Jiang pointed to the small text on the posters, saying it “symbolizes the subtlety of microaggressions.”



”We aim to prepare all of our students for their endeavors after leaving the University of Utah. Salt Lake is changing, the U.S. is changing, and more and more, people are working in a global workforce” University of Utah spokeswoman Annalisa Purser told Campus Reform. “Being aware of ourselves, of other cultures and of different experiences and having the ability to communicate respectfully across difference, will only strengthen our students’ abilities to thrive in their lives after graduation.” 

But the university’s new campaign has not impressed everyone.

“It is incredibly insulting that the students of our school who pay tens of thousands of dollars in tuition are being talked down to by overpaid administrators in this fashion,” University of Utah student Vincent Wetzel, who happens to fall into some of the “marginalized groups” that the campaign seeks to protect, told Campus Reform. “This safe space mentality undermines the confidence of students by training them to identify with the ways in which they are a victim rather than lauding them for the difficulties that they have risen above.”

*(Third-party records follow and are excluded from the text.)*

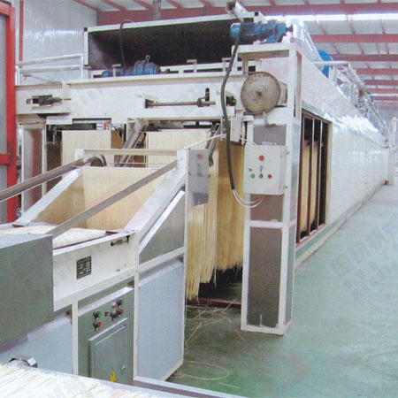 原料提升—投粉—混合計量給水—和面—熟化輸送—一次壓延—面片熟化—連續(xù)壓片—切絲定長—給桿—掛桿上架—剪齊—烘房烘干—下架—定長切—包裝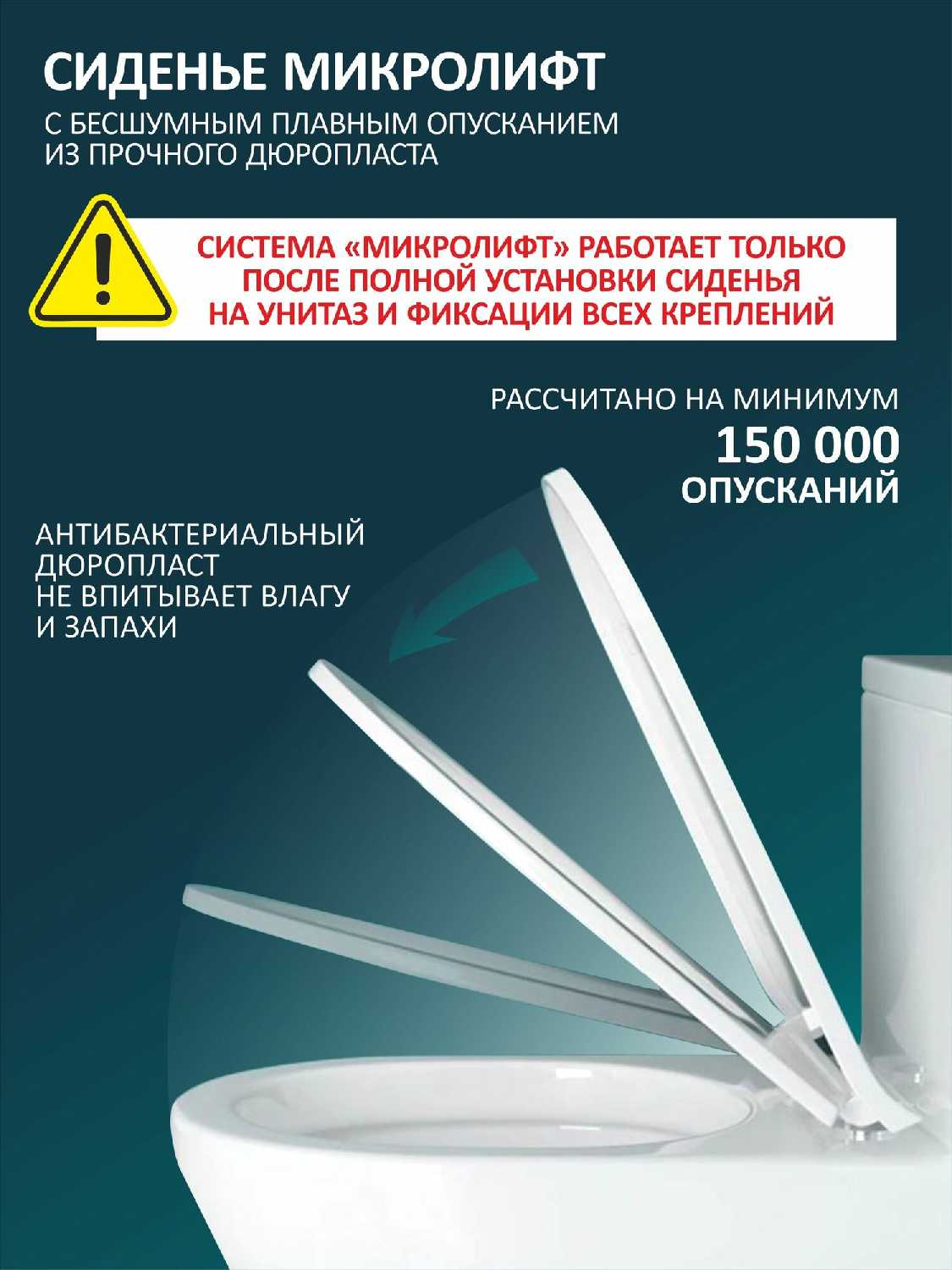- + Удобный, белоснежный. возможность выбора интенсивности слива. Отсутствие бесячего ободка. Сиденье с мультилифтом максимально удобная опция. Оно так же легко снимается для мытья.
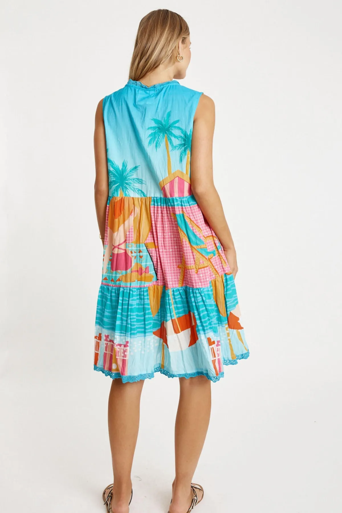 Bright, breezy, and beautifully detailed, the Lula Life Seraphina S/L Dress is the perfect warm-weather go-to. Made from 100% cotton voile, it feels feather-light, breathable, and effortlessly comfortable. The adjustable neckline with tie and tassels adds a playful touch, while the tiered and gathered design gives the dress soft movement and relaxed charm. Practical side pockets, a flattering knee-length cut, and delicate lace hem edging complete the look. Finished in a vibrant digital print and proudly designed in Australia, this sleeveless dress is ideal for sunny days, holidays, and easy weekend style.

[RELATED: Microaggressions can be ‘lethal,’ profs tell Berkeley students]

The school’s Office of Inclusive Excellence will also host workshops to provide students with “basic knowledge about bias and microaggressions along with tools to identify and respond to them,” according to a university message board screenshot obtained by Campus Reform.

“The campaign was important to implement on campus,” University of Utah College Democrats director Jacqueline Mumford told Campus Reform. “Microaggressions happen all of the time, even from people with good intentions. We’re happy to see a campaign bring attention to the reality of microaggressions, and work to stop them both on campus and in our communities.”

The university has prioritized social justice campaigns around campus since vandals wrote racial slurs on a construction site in 2017, an incident that prompted the creation of the Presidential Anti-Racism Task Force to create a more “proactive approach to address racism, bias and discrimination.”